Никого из пассажиров не волновало, что водитель, вместо того, чтобы продолжить путь, вот уже минут десять болтает с Прабакером. Возможно, потому, что они говорили громко, и все до одного в автобусе могли их слышать. Мало того, водитель и по пути старался поставить всех встречных в известность о необычном пассажире. Завидев на дороге пешехода, он гудком привлекал его внимание и указывал ему пальцем на эту диковину, а затем замедлял ход, чтобы человек мог ее разглядеть и полностью удовлетворить свое любопытство.
Благодаря тому, что водитель делился удивительной новостью со всеми встречными, путь, который можно было проделать за час, занял целых два, и лишь к вечеру мы достигли пыльного проселка, ведущего к деревушке Сундер. Когда автобус, натужно стеная, укатил, наступила такая тишина, что слышно было ветерок, шелестевший в ушах подобно сонному шепоту ребенка. Весь последний час мы ехали по необъятным просторам, засаженным кукурузой, среди которой попадались рощи банановых деревьев; теперь же мы тащились пешком по грязи меж нескончаемых зарослей просяных культур. Растения уже поднялись во весь свой рост и были выше нашей головы, небо сжалось в узенькую полоску, а дорога впереди и позади нас терялась в сплошной золотисто-зеленой массе, так что мы пробирались словно по лабиринту, отгороженные этой живой стеной от остального мира.
Мне довольно долго не давало покоя какое-то смутное ощущение, никак не поддававшееся осмыслению. Наконец, до меня дошло. Нигде не было видно никаких столбов — ни телеграфных, ни высоковольтных, — даже вдали.

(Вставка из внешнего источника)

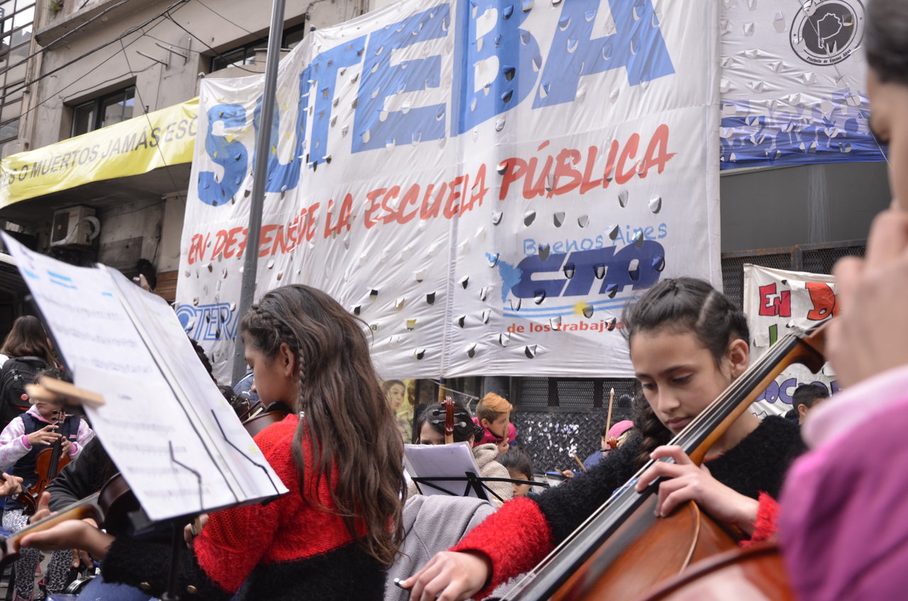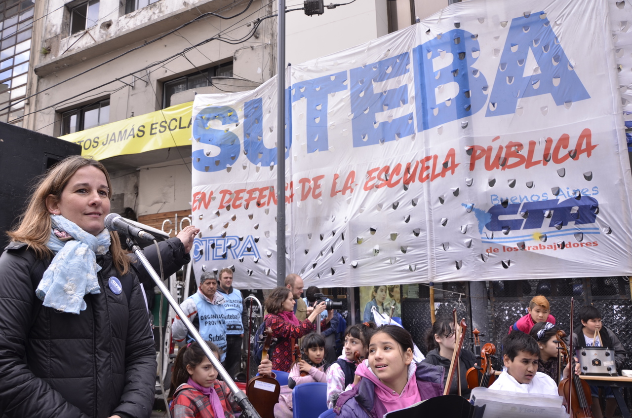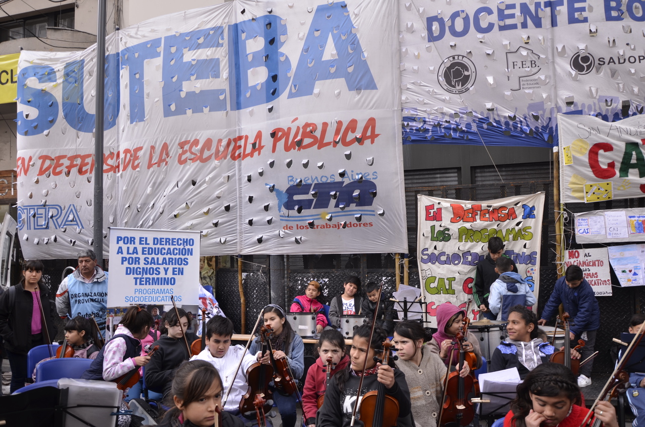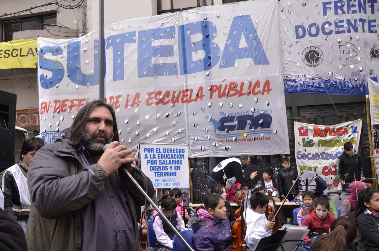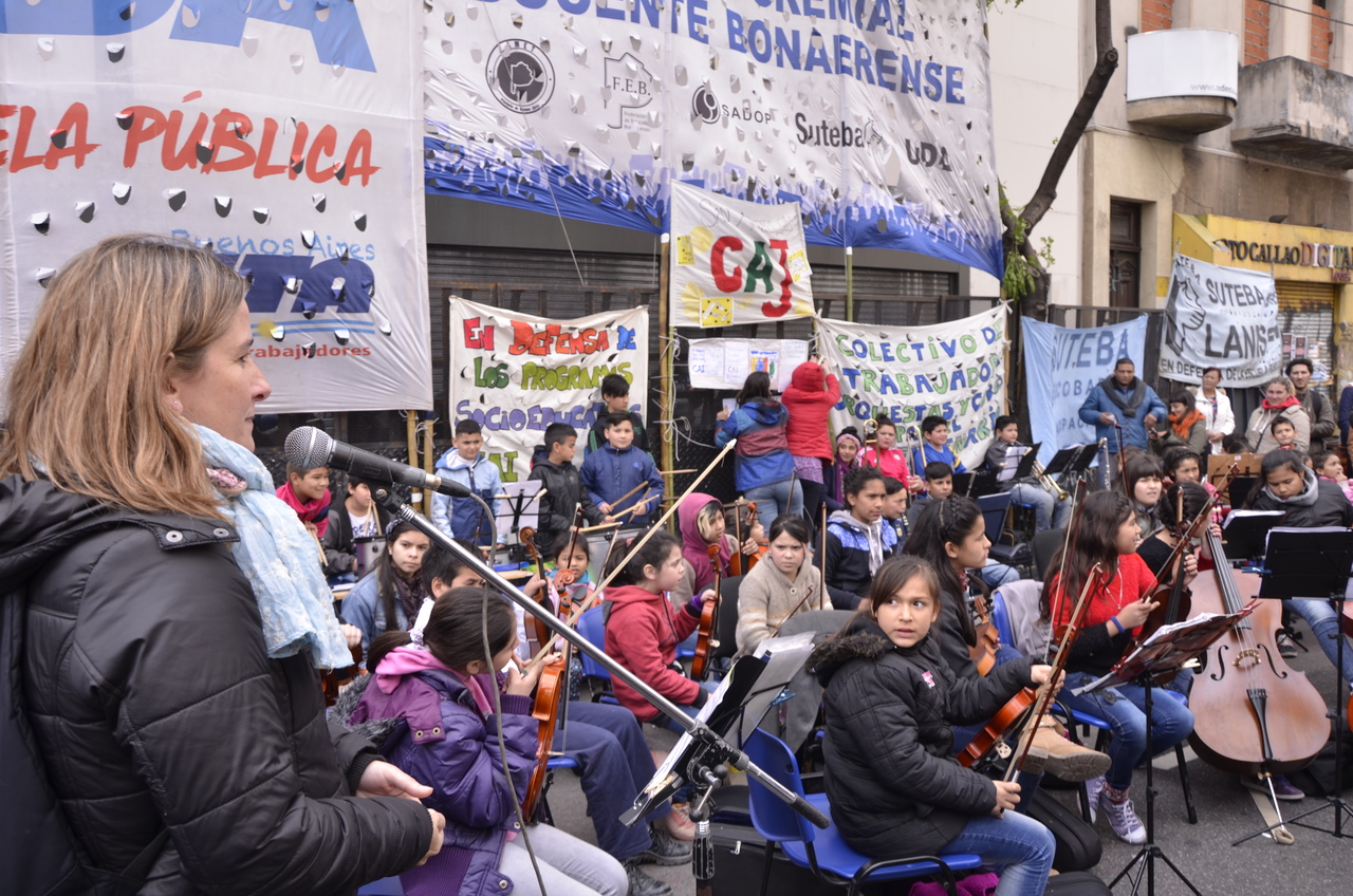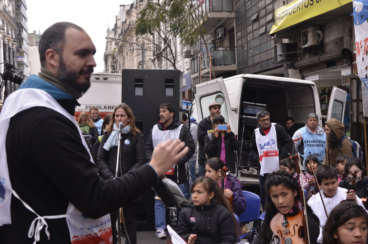 Asimismo, el Secretario General del SUTEBA, Roberto Baradel, tomó la palabra: "Nos movilizamos por la insensibilidad que demuestran el Gobierno Provincial y Nacional, quienes están desmantelando los Programas Socioeducativos. Los chicos pueden dar mucho, hay que agradecerles por los acordes muy bonitos que tocan. Sus papás y nosotros estamos orgullosos de ustedes, como también de sus profesores que construyen Escuela Pública día a día".

— Прабу, в вашей деревне есть электричество?
— Нет, — ухмыльнулся он.
— Совсем нет электричества?
— Нет, ни капельки.
Некоторое время я молчал, отбрасывая мысленно одно за другим все полезные устройства. Электрического освещения нет. Электрического чайника нет. Телевизора, радио, стереосистемы тоже нет. Никакой музыки. А я даже кассетника с собой не захватил. Как же я буду жить без музыки?
— Как же я буду жить без музыки? — посетовал я вслух, не в силах сдержать разочарования, хоть и понимал, что выгляжу довольно смешно.

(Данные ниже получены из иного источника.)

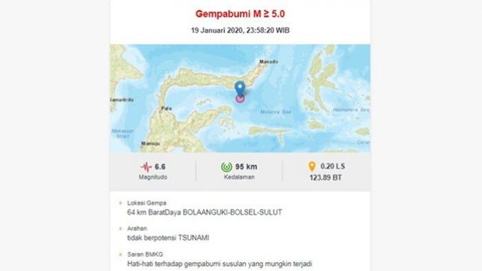 Tercatat oleh BMKG, gempa bumi tersebut terjadi di Sulawesi Utara (Sulut). Lokasi tepatnya yakni di di laut 64 km Barat Daya dari Bolaang Uki Kabupaten Bolaang Mongondow Selatan (Bolsel) SULUT.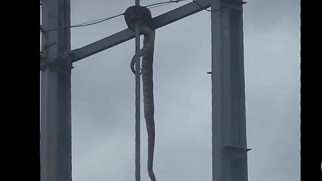 ബൈപ്പാസിലെ വൈദ്യുതി പോസ്റ്റിന് മുകളിലെ എർത്ത് കമ്പിയിൽ ചുറ്റിയ നിലയിലായിരുന്നു പെരുമ്പാമ്പ്. അവശനിലയിലായിരുന്ന പാമ്പിനെ കണ്ട് നാട്ടുകാർ വിവരം കെഎസ്ഇബി ഓഫീസിൽ അറിയിച്ചു.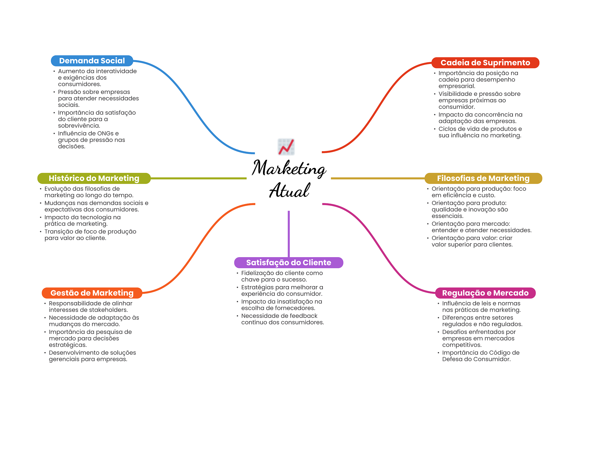 Demanda Social Cadeia de Suprimento Aumento da interatividade Importância da posição na e exigências dos cadeia para desempenho consumidores. empresarial. Pressão sobre empresas Visibilidade e pressão sobre para atender necessidades empresas próximas ao sociais. consumidor. Importância da satisfação Impacto da concorrência na do cliente para a adaptação das empresas. sobrevivência. Ciclos de vida de produtos e Influência de ONGs e sua influência no marketing. grupos de pressão nas decisões. Marketing Histórico do Marketing Filosofias de Marketing Evolução das filosofias de Atual Orientação para produção: foco marketing ao longo do tempo. em eficiência e custo. Mudanças nas demandas sociais e Orientação para produto: expectativas dos consumidores. qualidade e inovação são Impacto da tecnologia na essenciais. prática de marketing. Orientação para mercado: Transição de foco de produção entender e atender necessidades. para valor ao cliente. Orientação para valor: criar valor superior para clientes. Satisfação do Cliente Fidelização do cliente como chave para O sucesso. Estratégias para melhorar a Gestão de Marketing experiência do consumidor. Regulação e Mercado Responsabilidade de alinhar Impacto da insatisfação na Influência de leis e normas interesses de stakeholders. escolha de fornecedores. nas práticas de marketing. Necessidade de adaptação às Necessidade de feedback Diferenças entre setores mudanças do mercado. contínuo dos consumidores. regulados e não regulados. Importância da pesquisa de Desafios enfrentados por mercado para decisões empresas em mercados estratégicas. competitivos. Desenvolvimento de soluções Importância do Código de gerenciais para empresas. Defesa do Consumidor.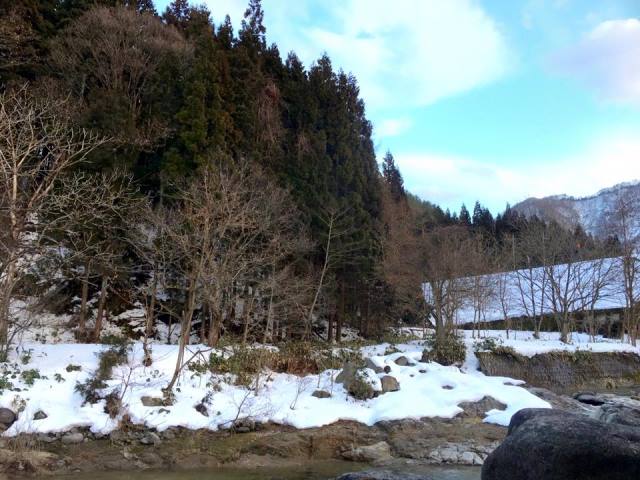 この景色 お宿の貸切露天風呂からの眺めですが 川の向こう岸の雪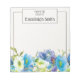 Elegant blå och vit akvarell blomster botanisk företags-/kontorsmall anteckningsblock med text, "Från skrivbordet hos" och ditt namn.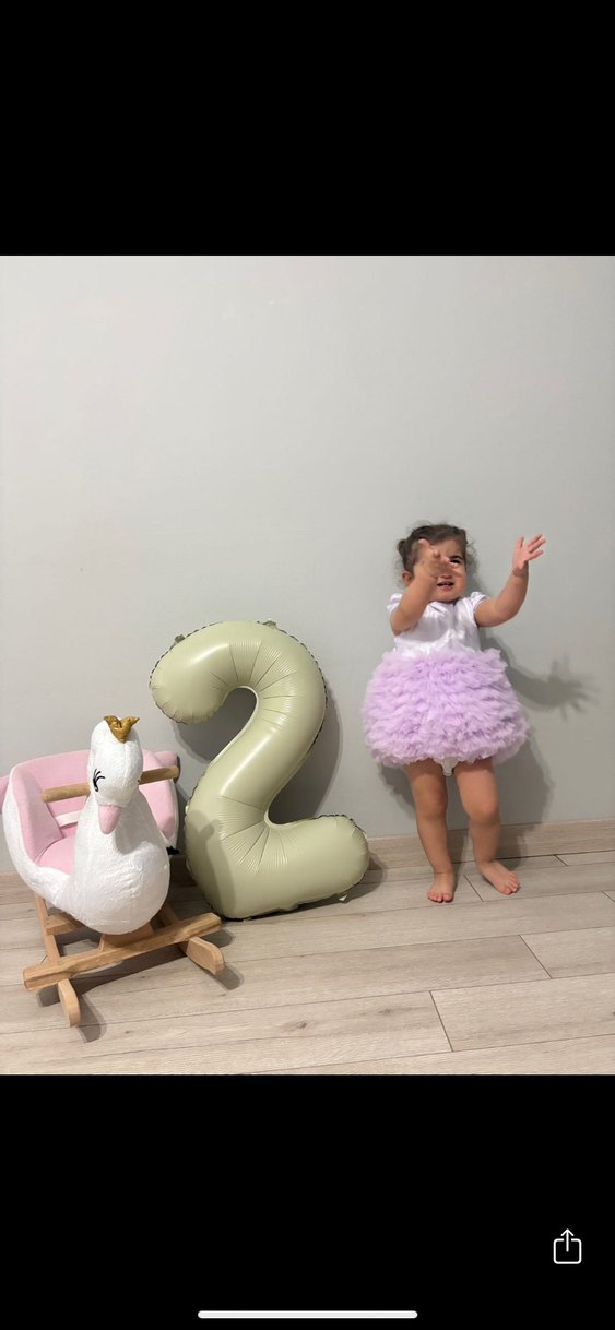 Ürünü maksimum 10 dakika giyinmiştir fotoğraf çekimi için, 12-18 aylık beden. Kızm 2 yaşına girdiğinde giydirdim yine oldu, benim kızım gibi minyon bebeklere 1-2 yaş için gayet olur

— Музыки будет полно, баба, — жизнерадостно откликнулся Прабакер. — Я буду петь. И все остальные будут петь. Петь и петь, без конца.
— Ну, ты меня успокоил.
— И ты тоже будешь петь.
— Нет уж, на меня, пожалуйста, не рассчитывай.
— В деревне все поют, — подчеркнул он, неожиданно посерьезнев.
— Угу.
— Да-да, все.
— Давай решим хоровые проблемы, когда они возникнут. Нам еще далеко до деревни?
— О, совсем почти не очень далеко. А знаешь, теперь у нас в деревне есть вода.
— Что значит «теперь есть вода»?
— Ну, теперь в деревне есть кран.
— Один кран на всю деревню?
— Да, и вода из него идет целый час, с двух до трех каждый день.
— Один час в день?..
— Да. Обычно. Иногда она идет полчаса, а иногда совсем не идет. Тогда мы лезем в колодец, убираем зелень, которая там выросла, и вода снова без проблем. А! Смотри, вон мой папа.
Впереди нас на неровной, заросшей сорняками дорожке показалась высокая повозка в форме корзины на двух деревянных колесах с металлическими ободами, в которую был впряжен огромный светло-коричневый буйвол с изогнутыми рогами. Колеса были узкими, но высокими, и доходили мне до плеч. На упряжной дуге восседал, болтая ногами и покуривая «биди»[49], отец Прабакера.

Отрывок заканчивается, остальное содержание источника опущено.